The simulated and collected vertical ground reaction forces ( Figure 2 ) showed no differences, suggesting that the use of this curve in clinical practice is acceptable. This result is very important, since some variables extracted from vertical GRF have already been linked with injury risk ( Zadpoor & Nikooyan, 2011 ) and disease progression ( Houck et al., 2011 ); and this system is low cost and does not need a highly instrumented biomechanics laboratory to collect data. On the other hand, PCA showed that AP and ML curves still present differences that could influence the use of these signals in clinical practice. The loading factor from the AP and ML GRF found differences in 5% and 15% of the stance phase, representing a decreased impact peak and first active peak.
The impact forces’ peak had a higher frequency range (10 to 20 HZ) and represents the rapid deceleration of the leg and foot just after the initial contact with the ground, while the active peak had a lower frequency range (4 to 8 Hz), representing voluntary lower extremity motion and the deceleration of the center of mass (CoM) ( Gruber et al., 2014 ).
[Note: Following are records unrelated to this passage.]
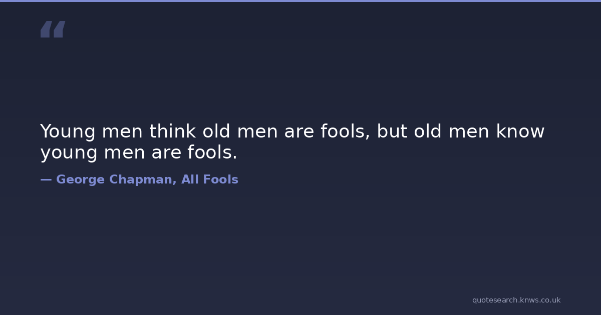 Young men think old men are fools, but old men know young men are fools. age fools youth Download Image Share on X Share on Facebook Copy Link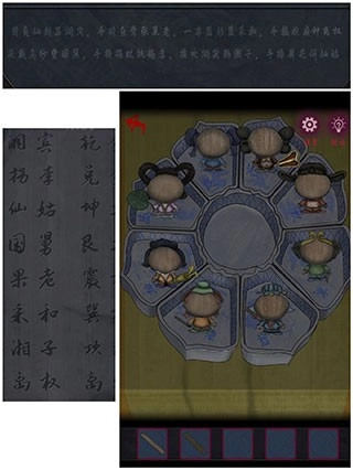 10、开启后,在桌上拿到瓷器,根据门上的画在墙上的砖块后输入密码,打开获得提示。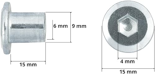 Dado Manicotto con Testa Piatta Esagonale M6 x 15 x 12 mm 100 Pezzi Acciaio Zincato Dado con Bussola con Cava Esagonale Testa Piatta Dadi Manicotti su chiave Allen Dadi Rotondi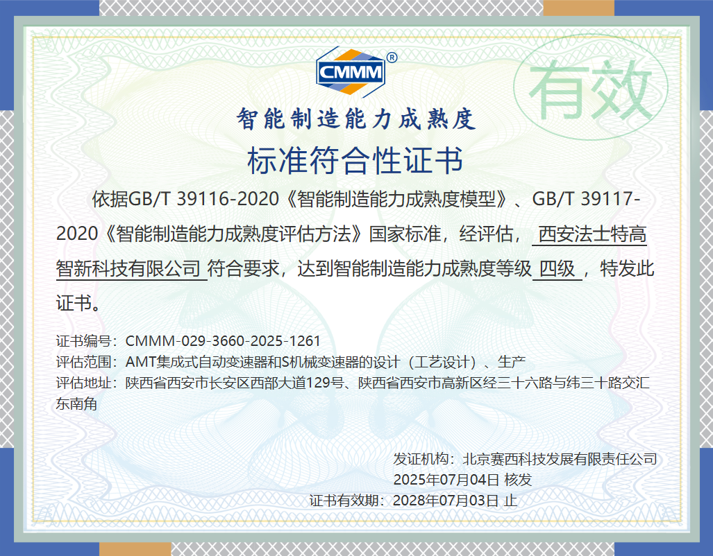 法士特通過智能制造能力成熟度四級認(rèn)證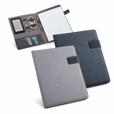 Conférencier A4. Imitation lin et simili cuir. Fermeture magnétique. Bloc: 20 feuilles lignées. Plaque métallique avec finition gomme. Stylo à bille et accessoires non inclus. 233 x 310 x 18 mm | Plaque métallique: 50 x 30 mm

It is possible that the deceleration of the CoM and foot could not be captured, since in the present study only one accelerometer was attached to the shank. It was proposed, for future studies, the inclusion of sensors on the sacrum, representing the acceleration of the CoM, and on the foot, providing more information for the neural networks to simulate the GRF signals.
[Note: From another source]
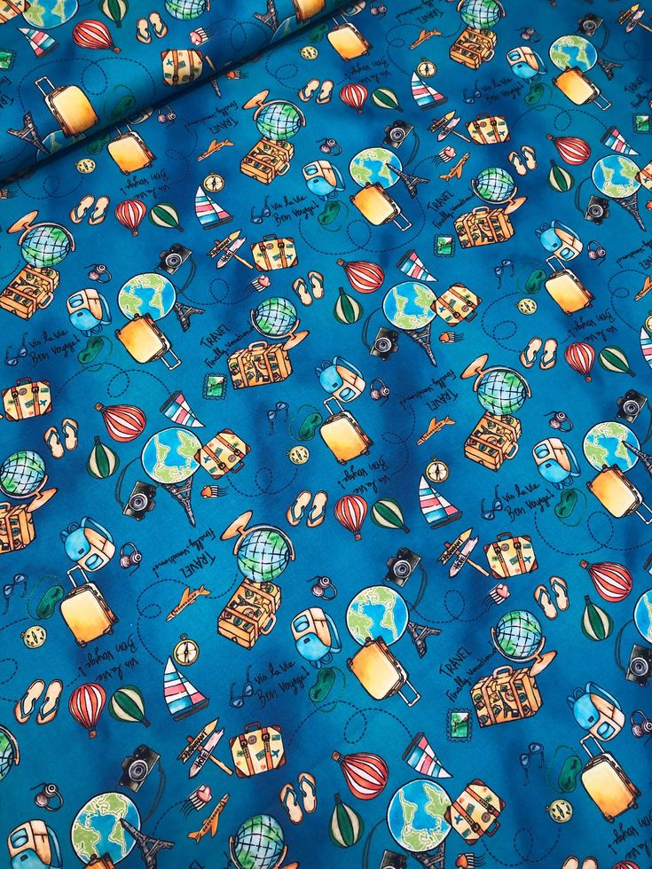 Tecido Tricoline Digital Mapa Mundi e Balões 999 IG - 50x150cm

This study confirmed that multilayer perceptron neural network can predict the highly non-linear relationship of shank acceleration parameters and ground reaction forces in healthy young individuals, as well as other studies have done using plantar pressure devices. The greater advantages of this device are the low cost and the possibility of use outside the laboratory environment. Although the error rates were low, ranging from 4 to 10%, some improvements must be made, regarding the management of input parameters and number of sensors used, prior to application in clinical settings.
The results of this study must be only applied to level walking of healthy individuals. Although it is known that straight-line level walking is actually not common in real-world activities ( Orendurff et al., 2008 ), usually level gait with self-selected speed is the most used task in clinical biomechanical gait assessments aimed at identifying lower limb dysfunctions. Future studies must be performed applying this algorithm to different orthopedic and neurologic conditions.